---- DATA PROVIDED
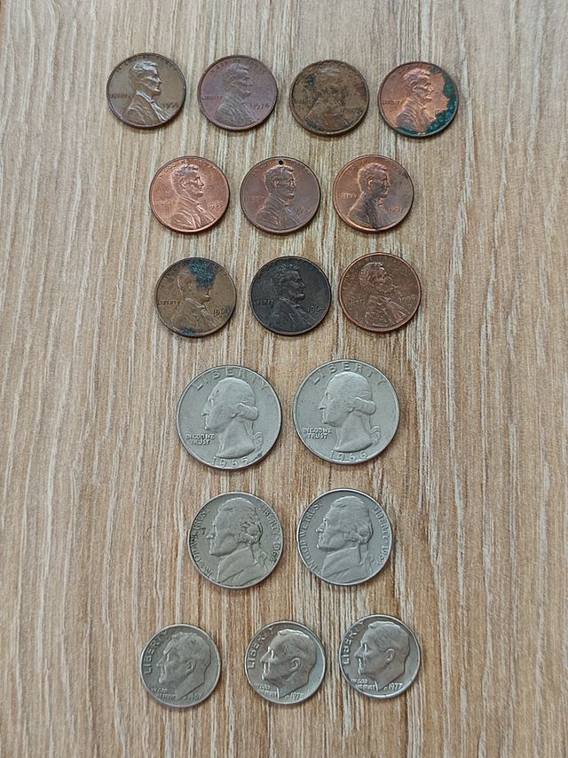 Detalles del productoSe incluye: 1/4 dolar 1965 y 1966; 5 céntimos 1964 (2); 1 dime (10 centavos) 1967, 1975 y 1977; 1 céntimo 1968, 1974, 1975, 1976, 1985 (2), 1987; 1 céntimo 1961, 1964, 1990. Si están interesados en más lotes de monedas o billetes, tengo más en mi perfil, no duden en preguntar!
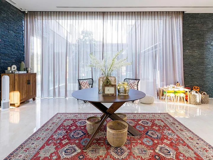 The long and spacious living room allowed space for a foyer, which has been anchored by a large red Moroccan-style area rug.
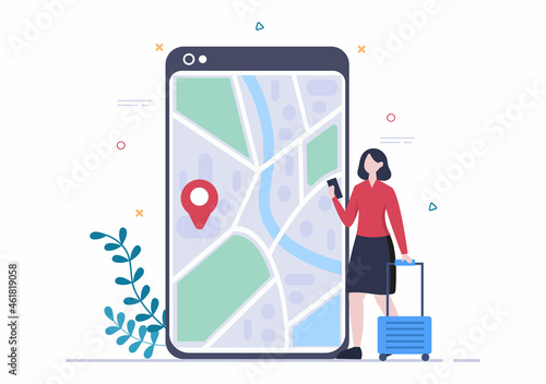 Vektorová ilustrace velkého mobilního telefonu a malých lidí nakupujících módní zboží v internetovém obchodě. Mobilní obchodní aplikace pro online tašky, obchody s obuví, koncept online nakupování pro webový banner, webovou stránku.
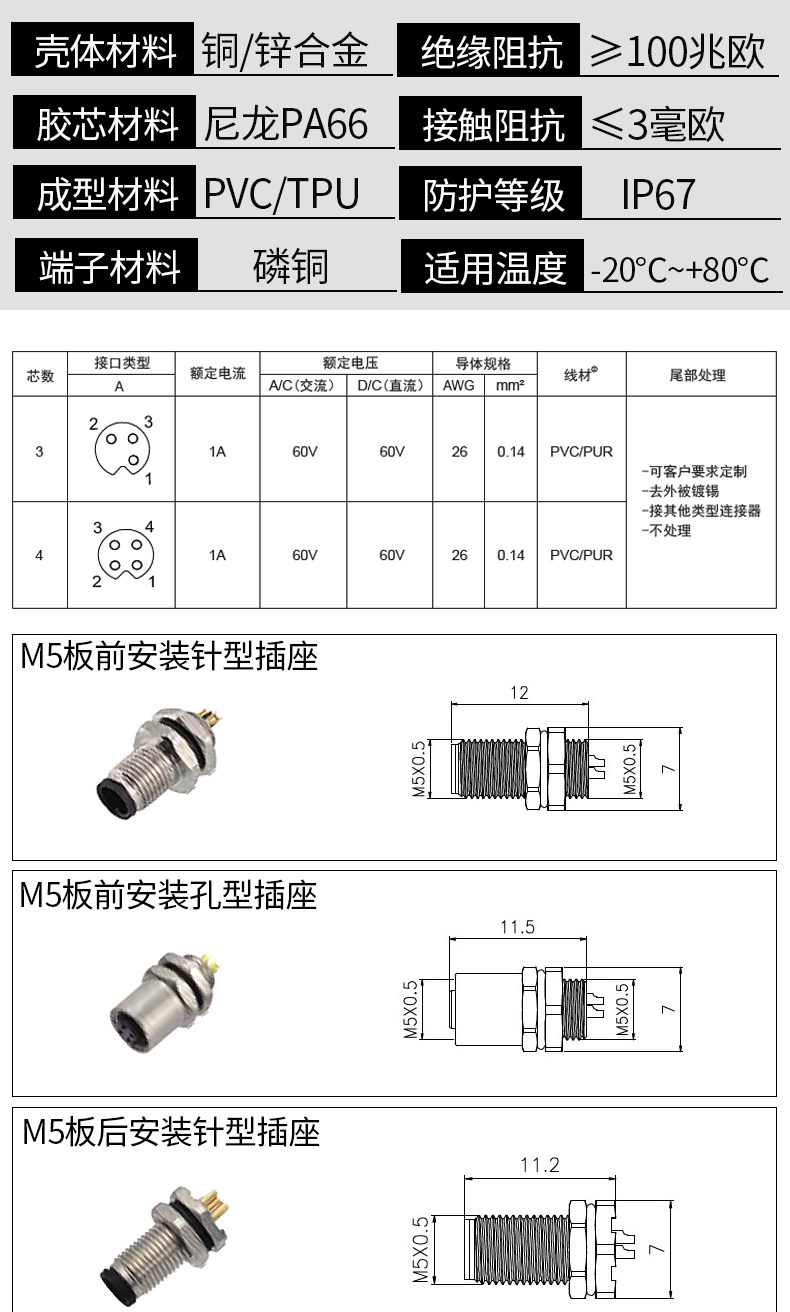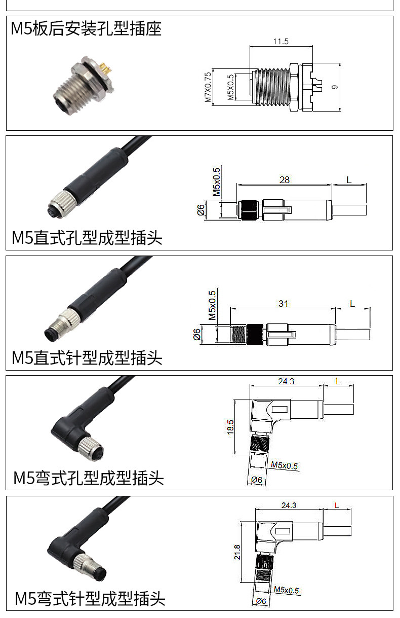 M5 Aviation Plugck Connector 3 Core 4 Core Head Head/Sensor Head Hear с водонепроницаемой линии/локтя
--------
WHAT YOU WILL DO:
Take the lines of the material above from the first through the one containing "The long and", both included, and print them exactly without the pictures.

FINISHED EXERCISE:
 Detalles del productoSe incluye: 1/4 dolar 1965 y 1966; 5 céntimos 1964 (2); 1 dime (10 centavos) 1967, 1975 y 1977; 1 céntimo 1968, 1974, 1975, 1976, 1985 (2), 1987; 1 céntimo 1961, 1964, 1990. Si están interesados en más lotes de monedas o billetes, tengo más en mi perfil, no duden en preguntar!
 The long and spacious living room allowed space for a foyer, which has been anchored by a large red Moroccan-style area rug.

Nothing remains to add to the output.